_EXERCISE DIRECTIONS_
The required output is the lines below from the line containing "Sofá de madeira" to the line containing "Смеситель для кухни", inclusive, retyped exactly. No other lines belong in it.

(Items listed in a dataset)
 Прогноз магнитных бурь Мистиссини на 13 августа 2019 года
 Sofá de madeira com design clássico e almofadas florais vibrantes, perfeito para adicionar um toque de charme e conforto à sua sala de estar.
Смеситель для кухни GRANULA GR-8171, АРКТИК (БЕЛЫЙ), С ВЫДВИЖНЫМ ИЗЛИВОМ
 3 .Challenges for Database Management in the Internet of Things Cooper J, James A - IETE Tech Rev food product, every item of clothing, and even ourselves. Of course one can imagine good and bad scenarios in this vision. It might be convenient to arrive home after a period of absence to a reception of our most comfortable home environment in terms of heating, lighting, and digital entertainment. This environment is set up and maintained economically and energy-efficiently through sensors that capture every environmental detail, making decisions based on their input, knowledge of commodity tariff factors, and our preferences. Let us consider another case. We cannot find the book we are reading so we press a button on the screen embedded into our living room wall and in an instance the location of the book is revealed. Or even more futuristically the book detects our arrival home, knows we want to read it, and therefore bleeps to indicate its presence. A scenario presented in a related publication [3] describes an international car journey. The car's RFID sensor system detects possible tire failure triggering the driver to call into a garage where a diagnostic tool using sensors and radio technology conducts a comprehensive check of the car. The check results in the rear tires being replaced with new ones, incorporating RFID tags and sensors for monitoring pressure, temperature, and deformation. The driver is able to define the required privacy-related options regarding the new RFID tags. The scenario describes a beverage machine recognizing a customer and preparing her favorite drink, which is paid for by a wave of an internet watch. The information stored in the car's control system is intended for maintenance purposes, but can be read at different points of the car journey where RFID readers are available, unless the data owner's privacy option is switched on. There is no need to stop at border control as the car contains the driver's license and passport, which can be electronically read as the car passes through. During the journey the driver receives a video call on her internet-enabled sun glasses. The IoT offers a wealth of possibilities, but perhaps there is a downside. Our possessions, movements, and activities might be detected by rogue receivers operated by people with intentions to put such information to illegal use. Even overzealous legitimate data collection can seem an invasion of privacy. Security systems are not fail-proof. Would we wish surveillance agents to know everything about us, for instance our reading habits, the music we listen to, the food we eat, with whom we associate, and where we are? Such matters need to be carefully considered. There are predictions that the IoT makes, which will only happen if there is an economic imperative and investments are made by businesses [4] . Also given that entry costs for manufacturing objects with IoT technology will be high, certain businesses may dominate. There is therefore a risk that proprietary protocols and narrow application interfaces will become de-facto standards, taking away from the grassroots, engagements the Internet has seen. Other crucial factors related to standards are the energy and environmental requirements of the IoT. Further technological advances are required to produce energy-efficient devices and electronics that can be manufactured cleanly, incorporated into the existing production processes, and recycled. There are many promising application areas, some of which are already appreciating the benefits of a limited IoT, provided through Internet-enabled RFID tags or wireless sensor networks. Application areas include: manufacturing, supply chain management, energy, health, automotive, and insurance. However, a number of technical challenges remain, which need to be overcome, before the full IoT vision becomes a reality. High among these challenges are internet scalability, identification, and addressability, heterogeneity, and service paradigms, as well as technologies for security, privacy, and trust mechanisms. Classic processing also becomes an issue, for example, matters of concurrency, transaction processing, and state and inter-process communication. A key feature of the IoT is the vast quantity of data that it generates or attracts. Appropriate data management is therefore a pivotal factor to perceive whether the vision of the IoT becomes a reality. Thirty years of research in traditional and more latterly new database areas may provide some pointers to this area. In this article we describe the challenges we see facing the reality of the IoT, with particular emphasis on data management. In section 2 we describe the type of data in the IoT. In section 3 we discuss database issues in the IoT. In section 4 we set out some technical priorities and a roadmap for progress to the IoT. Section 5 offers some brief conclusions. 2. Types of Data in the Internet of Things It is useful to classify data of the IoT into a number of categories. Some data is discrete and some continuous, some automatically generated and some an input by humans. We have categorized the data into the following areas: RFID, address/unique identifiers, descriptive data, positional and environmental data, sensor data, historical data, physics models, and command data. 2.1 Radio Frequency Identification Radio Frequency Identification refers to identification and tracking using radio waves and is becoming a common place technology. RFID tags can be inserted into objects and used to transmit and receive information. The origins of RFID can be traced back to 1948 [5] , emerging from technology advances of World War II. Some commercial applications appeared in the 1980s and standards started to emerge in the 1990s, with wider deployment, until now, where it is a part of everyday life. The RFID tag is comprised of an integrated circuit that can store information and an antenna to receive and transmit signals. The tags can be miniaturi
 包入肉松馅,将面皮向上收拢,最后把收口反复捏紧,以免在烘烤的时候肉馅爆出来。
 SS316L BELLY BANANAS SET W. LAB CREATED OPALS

_YOUR SOLUTION_
 Sofá de madeira com design clássico e almofadas florais vibrantes, perfeito para adicionar um toque de charme e conforto à sua sala de estar.
Смеситель для кухни GRANULA GR-8171, АРКТИК (БЕЛЫЙ), С ВЫДВИЖНЫМ ИЗЛИВОМ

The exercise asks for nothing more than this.